▶ [TASK GOAL]: Copying rule for the data below: pictures stay out, and only the lines from the one with "User accounts are" down to the one with "跨境时尚鞋欧美坡跟拖鞋女2025夏季新款一字带休闲厚底凉拖鞋", inclusive, are repeated exactly.

=-=-=

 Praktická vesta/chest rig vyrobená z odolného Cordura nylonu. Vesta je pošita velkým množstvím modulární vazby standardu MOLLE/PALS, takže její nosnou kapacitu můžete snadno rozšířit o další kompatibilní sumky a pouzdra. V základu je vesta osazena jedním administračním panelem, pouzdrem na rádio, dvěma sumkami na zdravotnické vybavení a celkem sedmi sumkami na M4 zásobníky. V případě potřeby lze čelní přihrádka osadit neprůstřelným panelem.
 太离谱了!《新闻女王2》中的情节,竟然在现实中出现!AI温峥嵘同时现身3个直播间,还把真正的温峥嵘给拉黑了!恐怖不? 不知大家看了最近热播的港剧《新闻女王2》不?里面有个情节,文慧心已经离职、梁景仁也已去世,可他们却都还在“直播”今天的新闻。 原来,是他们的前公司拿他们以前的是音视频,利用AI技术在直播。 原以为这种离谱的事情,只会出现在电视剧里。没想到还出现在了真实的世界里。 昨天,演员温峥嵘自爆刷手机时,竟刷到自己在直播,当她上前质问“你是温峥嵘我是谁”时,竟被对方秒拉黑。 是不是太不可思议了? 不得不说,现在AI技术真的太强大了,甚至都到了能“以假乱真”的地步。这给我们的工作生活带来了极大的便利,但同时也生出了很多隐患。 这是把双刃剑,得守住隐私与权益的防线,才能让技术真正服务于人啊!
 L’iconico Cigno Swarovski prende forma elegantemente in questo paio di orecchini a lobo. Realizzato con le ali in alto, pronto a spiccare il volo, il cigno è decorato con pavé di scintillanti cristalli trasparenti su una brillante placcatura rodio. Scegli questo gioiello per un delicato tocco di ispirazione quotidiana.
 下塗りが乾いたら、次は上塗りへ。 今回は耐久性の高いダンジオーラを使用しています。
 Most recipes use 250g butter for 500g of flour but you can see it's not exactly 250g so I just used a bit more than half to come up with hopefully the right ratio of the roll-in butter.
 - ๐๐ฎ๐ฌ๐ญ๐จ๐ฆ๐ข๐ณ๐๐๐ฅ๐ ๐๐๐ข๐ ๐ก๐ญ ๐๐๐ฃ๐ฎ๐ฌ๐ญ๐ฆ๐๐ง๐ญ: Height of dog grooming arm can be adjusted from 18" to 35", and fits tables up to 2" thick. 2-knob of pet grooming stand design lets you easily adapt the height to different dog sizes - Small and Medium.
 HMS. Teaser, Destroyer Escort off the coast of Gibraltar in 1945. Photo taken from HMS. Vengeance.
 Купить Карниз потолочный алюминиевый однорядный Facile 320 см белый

=-=-=

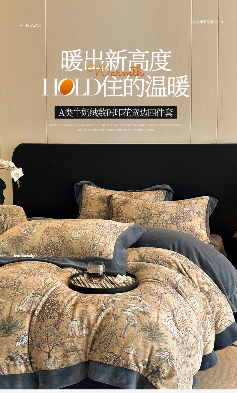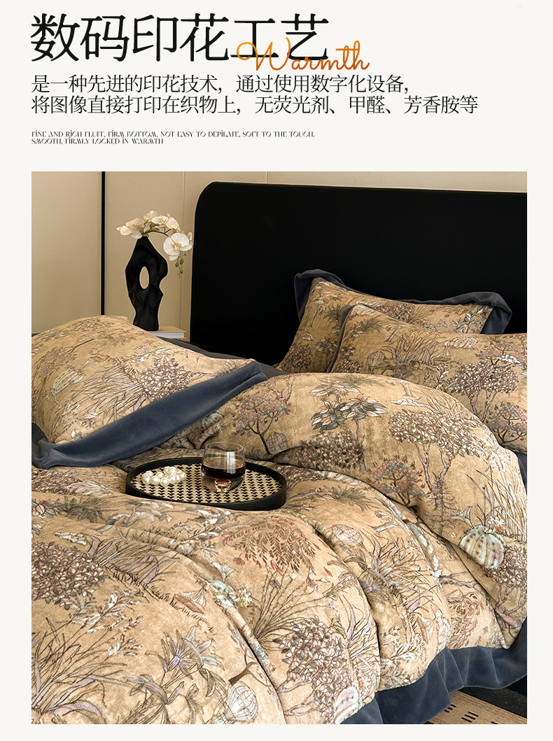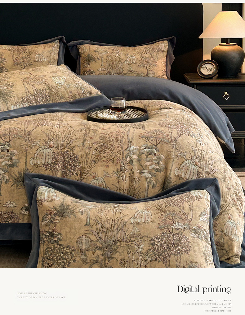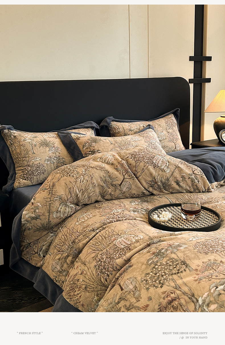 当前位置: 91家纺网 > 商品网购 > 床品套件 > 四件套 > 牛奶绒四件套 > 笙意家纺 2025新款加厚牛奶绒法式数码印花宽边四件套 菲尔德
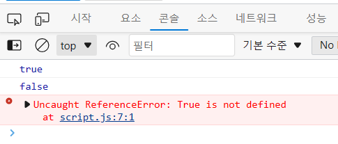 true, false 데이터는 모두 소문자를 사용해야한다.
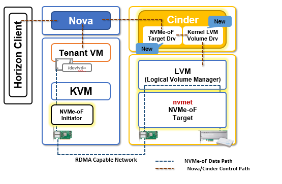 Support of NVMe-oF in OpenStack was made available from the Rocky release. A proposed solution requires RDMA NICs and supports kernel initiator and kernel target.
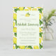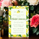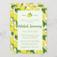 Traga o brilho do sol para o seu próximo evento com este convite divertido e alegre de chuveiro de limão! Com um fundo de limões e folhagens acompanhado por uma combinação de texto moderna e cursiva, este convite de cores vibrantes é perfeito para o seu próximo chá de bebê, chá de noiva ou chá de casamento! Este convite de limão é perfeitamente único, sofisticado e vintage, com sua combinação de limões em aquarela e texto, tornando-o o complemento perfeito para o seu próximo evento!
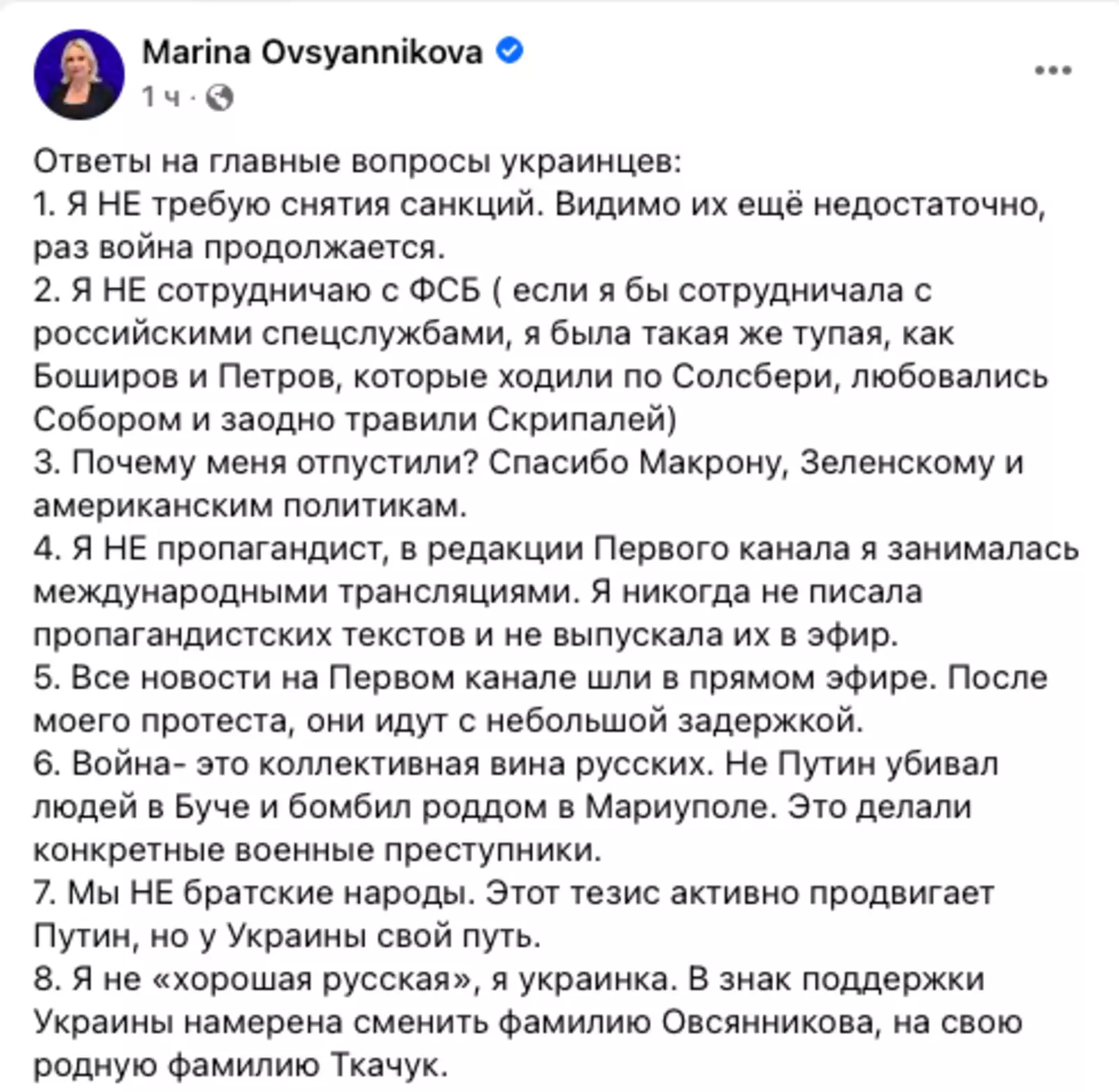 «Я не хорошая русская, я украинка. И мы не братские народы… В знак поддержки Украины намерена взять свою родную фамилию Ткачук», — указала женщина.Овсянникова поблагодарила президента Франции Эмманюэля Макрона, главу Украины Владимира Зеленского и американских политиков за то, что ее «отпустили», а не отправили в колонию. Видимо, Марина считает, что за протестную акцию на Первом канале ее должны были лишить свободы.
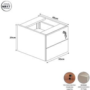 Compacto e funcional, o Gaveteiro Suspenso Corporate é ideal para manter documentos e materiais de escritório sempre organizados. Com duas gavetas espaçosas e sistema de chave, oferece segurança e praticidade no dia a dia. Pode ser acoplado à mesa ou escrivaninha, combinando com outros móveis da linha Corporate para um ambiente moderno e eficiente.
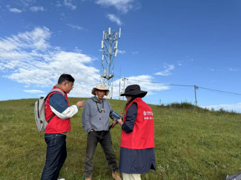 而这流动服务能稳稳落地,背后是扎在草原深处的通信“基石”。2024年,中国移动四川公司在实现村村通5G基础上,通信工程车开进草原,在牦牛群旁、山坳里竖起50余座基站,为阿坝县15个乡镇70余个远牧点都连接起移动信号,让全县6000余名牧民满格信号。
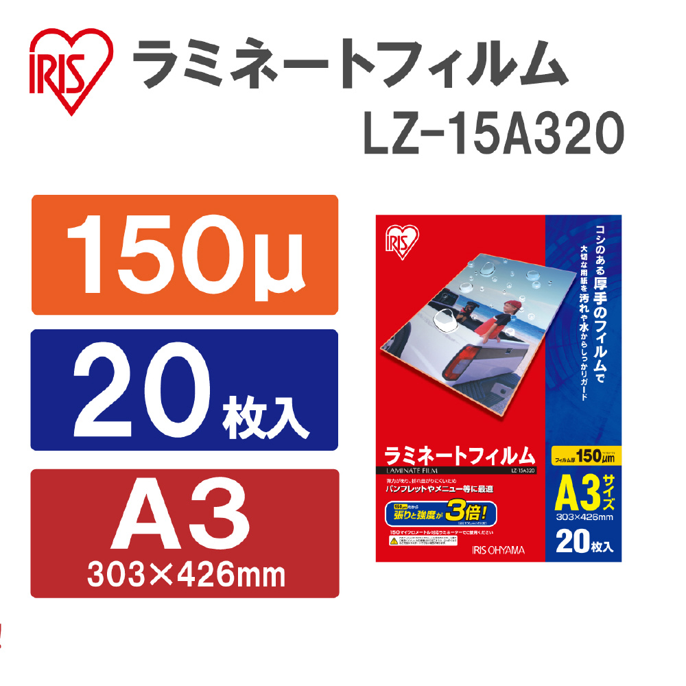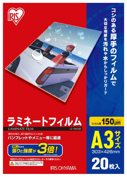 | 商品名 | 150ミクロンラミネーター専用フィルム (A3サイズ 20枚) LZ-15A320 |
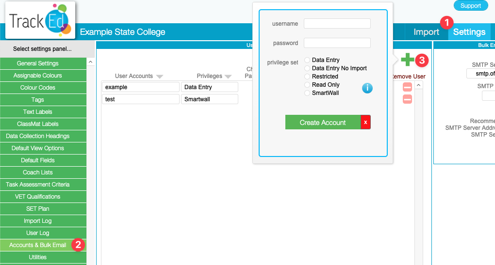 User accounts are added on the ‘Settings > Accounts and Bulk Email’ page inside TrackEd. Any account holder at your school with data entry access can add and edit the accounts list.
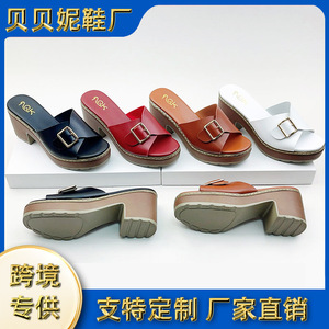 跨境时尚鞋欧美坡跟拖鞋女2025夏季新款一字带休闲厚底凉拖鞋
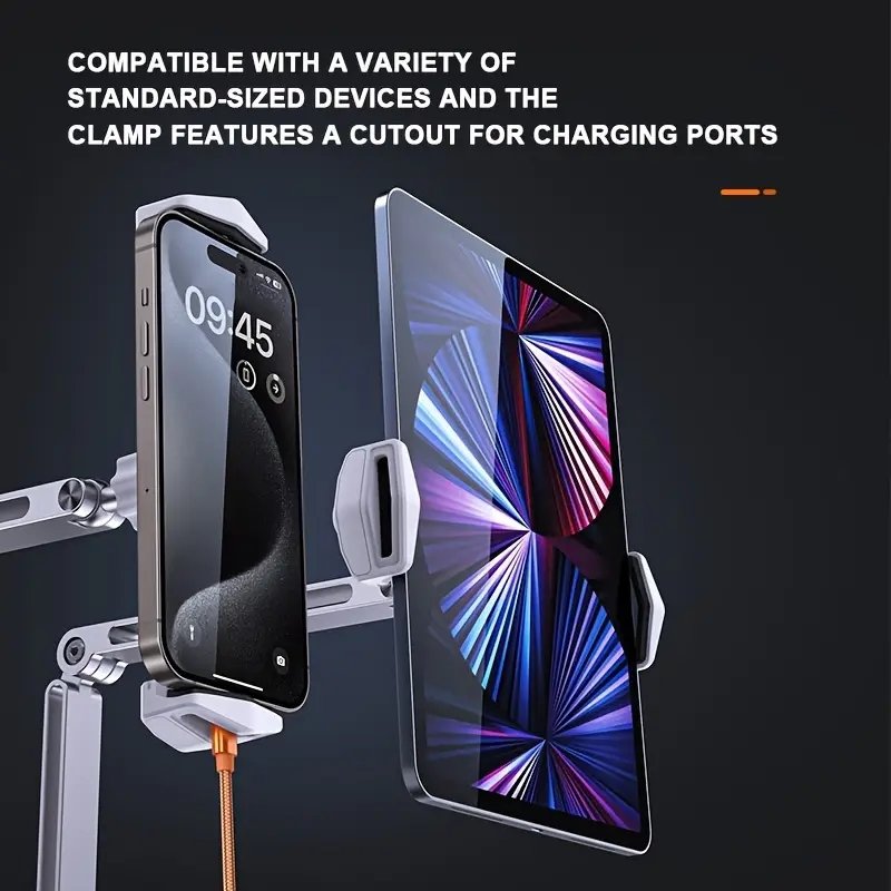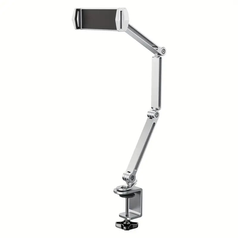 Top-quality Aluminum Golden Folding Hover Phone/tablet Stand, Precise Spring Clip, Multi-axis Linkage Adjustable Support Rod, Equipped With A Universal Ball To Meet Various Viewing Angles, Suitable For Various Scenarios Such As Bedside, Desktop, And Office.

=-=-=

▶ [OUTPUT FOR THIS TASK]:
 User accounts are added on the ‘Settings > Accounts and Bulk Email’ page inside TrackEd. Any account holder at your school with data entry access can add and edit the accounts list.
 跨境时尚鞋欧美坡跟拖鞋女2025夏季新款一字带休闲厚底凉拖鞋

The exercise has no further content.